30 tips para tener una sana Navidad

Actualizado: 24 dic 2018

Antes que nada: todos estos tips los podes usar para cualquier evento, reunión o festejo!

1- Planificar que haya algunas ensaladas ricas que te gusten para comer antes o durante la comida, anda probando cuales podrían ser para ya tenerlas en mente… ¿espinaca con nueces y queso en hebras? ¿Chauchas con queso blanco y roquefort? ¿rúcula con champiñones y tomates cherry?

2- Hacé las preparaciones un poco más saludables: usa mayonesa light en vez de la común (hasta podés mezclarla con queso blanco y ya es mucho menos), que haya ensalada de frutas como o entre los postres, compra bebidas sin azúcar, no compres cantidades exageradas de confituras y turrones, etc.

3- No exagerar con la variedad de platos y la cantidad de cada preparación. Se pueden hacer algunas preparaciones para el 24, otras para el 25, unas para el 31 y otras para el 1ero, no hace falta que la mesa desborde de comida para celebrar porque de hecho lo que celebramos no es la comida, ¡aunque a veces pareciera tener el protagonismo! Planificá con todos los que van a llevar comida!

4- Pensa qué conviene que sobre y cociná acorde a eso: por ejemplo, mousse de chocolate chiquito y ensalada de frutas grande, si hacen asado que sobre carne y no chorizos.

5- Y evitar comer todos los días algo de más: el 24, 25, 31 y 1ero sabemos que comeremos algo de más, pero si nos damos los gustos desde 1 de diciembre al 6 de enero ya es mucho.

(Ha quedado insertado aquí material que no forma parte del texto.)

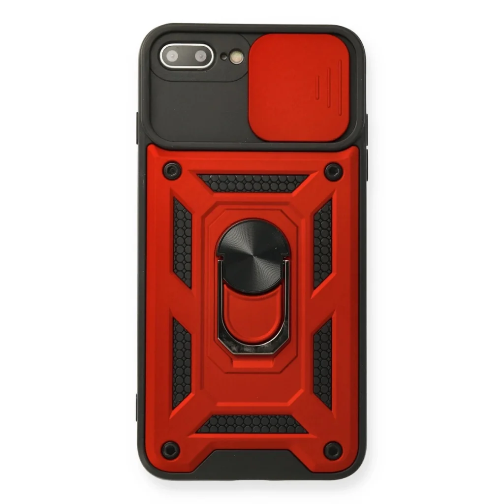 İphone 7 Plus Kılıf Pars Lens Yüzüklü Silikon - Kırmızı

6- Acordarse de que lo lindo de las fiestas y las reuniones no es la comida, sino el momento compartido con las personas que queremos, sino pasaríamos las fiestas con cualquier persona que cocine rico, ¡aunque no lo conozcamos! Tener bien presente esto: lo importante no está en la mesa, ¡sino en las sillas! Así que, en vez de estar mirando la mesa con tensión, levanten la mirada y pongan su atención en disfrutar con quienes los rodean.

7- Reflexionemos acerca del lugar que tendrá la comida en nuestra Navidad. ¿Será el centro de todo? ¿Nos juntamos sólo para comer? ¿Y si mejor hacemos menos preparaciones y tenemos una previa más tranquila, con menos corridas? Podemos disfrutar de estar con nuestros seres queridos aunque no haya 9 platos diferentes y 3 postres.

8- En las sociedades que vivieron guerras o que recibieron a los inmigrantes de esas guerras es común que las celebraciones se hagan en abundancia de comida. Quien haya vivido la escasez se sentirá tranquilo y contenido en saber que hay suficiente y más, y es entendible que lo viva así. Pero esos simbolismos de prosperidad que arrastramos de nuestros abuelos y ellos de sus padres, están fuera de contexto con la realidad de salud que tenemos hoy: más de la mitad de la población mundial tiene exceso de peso, en Argentina y en España también se cumplen esos índices. Cambiar nuestra forma de celebrar puede brindarnos calidad de vida, hacernos tener una vejez más saludable, permitirnos disfrutar más años de nuestros seres queridos, de nuestros proyectos, de la vida. En algún punto tenemos que romper ese “ay no será poco”, el “por las dudas un poco más” y dejar de temer al hambre. Que alguien se haya quedado con ganas de comer una segunda porción de tal cosa no es hambre, que no quedemos que explotamos no es hambre, que no sobre bastante no es hambre. Aprendamos a celebrar y celebrarnos sin perder el bienestar de nuestro cuerpo, disfrutando, sí, pero lo necesario, sin abusos y sin que implique perder nuestra salud.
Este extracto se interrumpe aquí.